Published online by Cambridge University Press: 22 July 2017
IN THEIR INTRODUCTION to a recent special issue of History of Religions devoted to (Esoteric) ‘Buddhist Visual Culture’, Jinah Kim and Rob Linrothe (2014) encouraged ‘a geographically wide framing of almost every question that can be asked about Esoteric Buddhism’. They argued:
Yunnan, Java, Japan, and the Tibetan regions of the Indian Himalayas can be as important as Bodh Gaya, Chang'an, or Lhasa, and an overly narrow focus limits the prospects for fruitful comparison. The Ekādaśamukhadhāraṇī, for example, seems to have found purchase from Gandhāra to Nara, Gilgit to Palembang. It is the deprovincializing and simultaneous decentering of any particular locale and any particular type of evidence (texts, epigraphical records, or visual art) that must occur in order for the study of Esoteric Buddhism to generate greater insights. (p. 2)

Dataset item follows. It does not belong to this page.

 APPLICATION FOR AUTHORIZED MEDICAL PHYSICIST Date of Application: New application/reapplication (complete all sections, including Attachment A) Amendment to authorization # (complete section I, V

Espousing an analogous wide-ranging perspective, this volume studies the genesis, development and circulation of Esoteric (or Tantric) Buddhism throughout the vast geoenvironmental area that may be defined as ‘Maritime Asia’, from the 7th to the 13th centuries ad. In doing so, it upholds a trans-regional approach laying emphasis on the mobile networks of human agents (‘Masters’), textual corpora (‘Texts’), and visual/architectural models and artefacts (‘Icons’) through which Esoteric Buddhist discourses and practices spread far and wide across Asia. This extensive Introduction proposes several issues for consideration in surveying recent scholarly literature and in contextualizing the religious, historical, and socio-political dynamics—intervening on a local/regional as well as cosmopolitan/supralocal scale—that shaped these networks as they moved across different geographical and cultural contexts.

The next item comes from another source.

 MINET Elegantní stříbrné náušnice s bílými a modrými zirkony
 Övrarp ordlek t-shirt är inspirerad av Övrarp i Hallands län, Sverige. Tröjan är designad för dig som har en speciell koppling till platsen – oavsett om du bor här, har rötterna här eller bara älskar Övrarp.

Maritime Asia, encompassing ‘Monsoon Asia’ as its core, spans the eastern littorals of the Indian SubContinent (and their hinterlands) in the west to the South China Sea littorals (and their hinterlands), the Philippine islands, Korea and Japan in the east; its geographical fulcrums are the littorals of peninsular and mainland Southeast Asia, and the Malay-Indonesian Archipelago. Spreading across the superimposed geopolitical boundaries of modern nation states, and transcending such equally arbitrary and historically constructed geographical divisions as South/Southeast/East Asia, this largely maritime expanse was influenced by similar environmental and climatic factors, such as the seasonal monsoons. Being the theatre of circulation of people, goods, languages and ideas through sea routes since time immemorial, Maritime Asia may be theorized as forming—just like Eurasia—one interconnected network, and arguably even an integral cultural ecumene with a shared background of human, intellectual, and environmental history.